Como vimos, Villaça (2001) descreve a formação dos centros como um processo concomitante à formação da cidade, configurando-se como a região de aglomeração de funções institucionais e de consumo, e o ponto que articula as menores distâncias, tornando-se o local de mais fácil acesso geográfico para os moradores. Dentro desse arranjo espacial, pensado a partir da economia de tempo e

percurso, o plano de Aarão Reis para Belo Horizonte mostra-se, no mínimo, curioso, uma vez que prevê um centro comercial e de serviços fisicamente periférico, localizado no limite da zona urbana, às bordas da Avenida do Contorno.

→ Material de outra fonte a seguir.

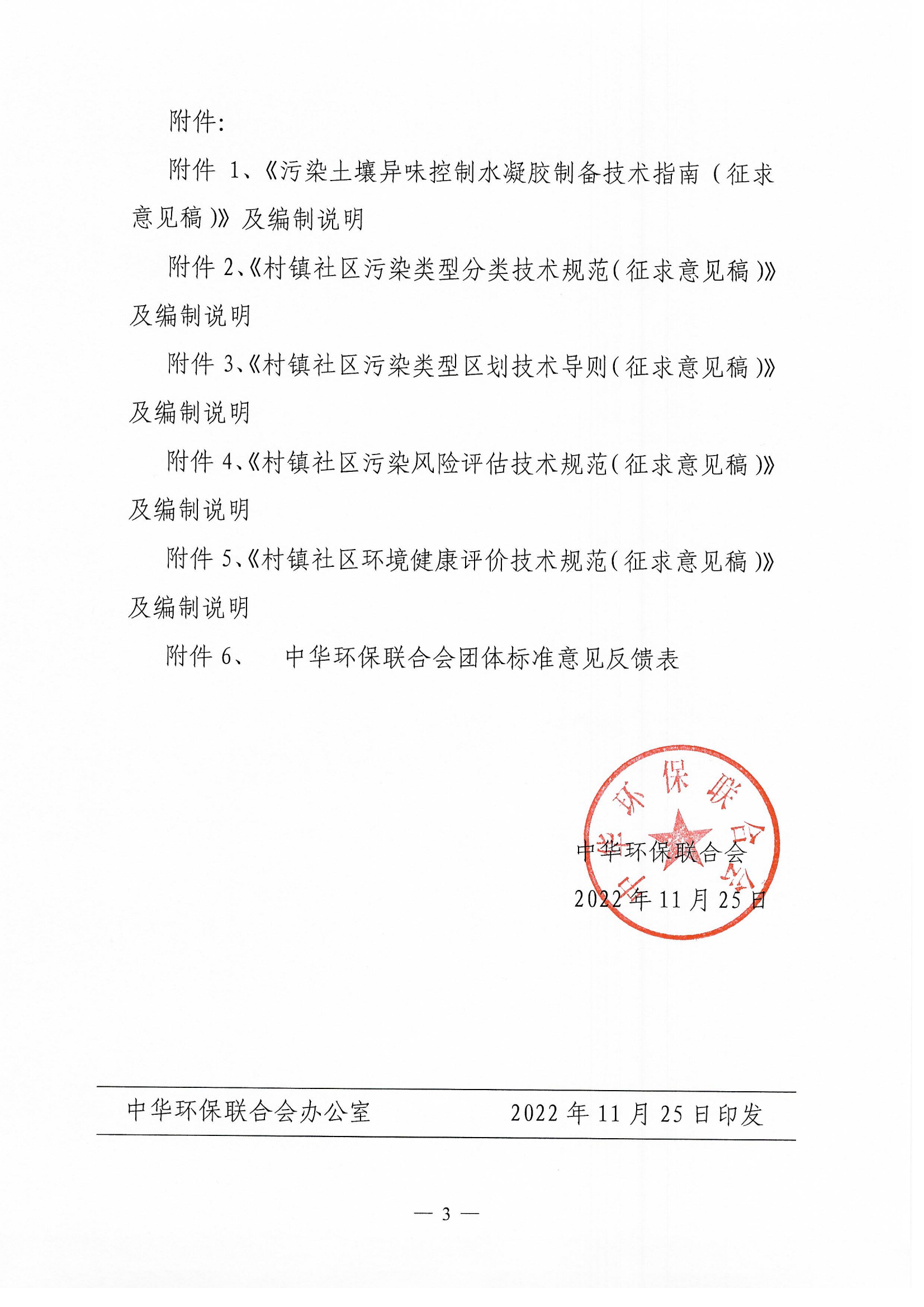 中华环保联合会关于《污染土壤异味控制水凝胶制备技术指南》《村镇社区污染类型分类技术规范》等五项团体标准征求意见的函
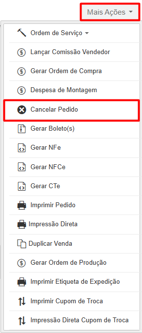 Agora, clique na opção Cancelar Pedido.

Os discursos em torno das ideias de modernidade, salubridade e desenvolvimento podem, desse modo, ser rastreados desde os primeiros movimentos de formação de Belo Horizonte. Os atores responsáveis pela idealização da capital procuraram, desde as primeiras linhas de planejamento, consolidar a cidade enquanto "locus da experiência moderna, sendo esta especificamente urbana" (LEMOS, 1985, p.29). Dessa maneira, é possível reconhecer, desde seus primeiros traços, o movimento em direção à construção de um presente que só seria possível se pensado em termos de futuro (LEMOS, 1985).

Consequentemente, os primeiros projetos previstos para a cidade consolidaram tal pensamento a partir de uma narrativa específica de modernidade, que previu a construção dos espaços urbanos e arquitetônicos a partir de projeções sociais segregacionistas, feitas pela e para a elite local, negando a participação - e, mesmo, presença - das camadas populares; contradizendo, desse modo, o próprio grito por

"liberdade".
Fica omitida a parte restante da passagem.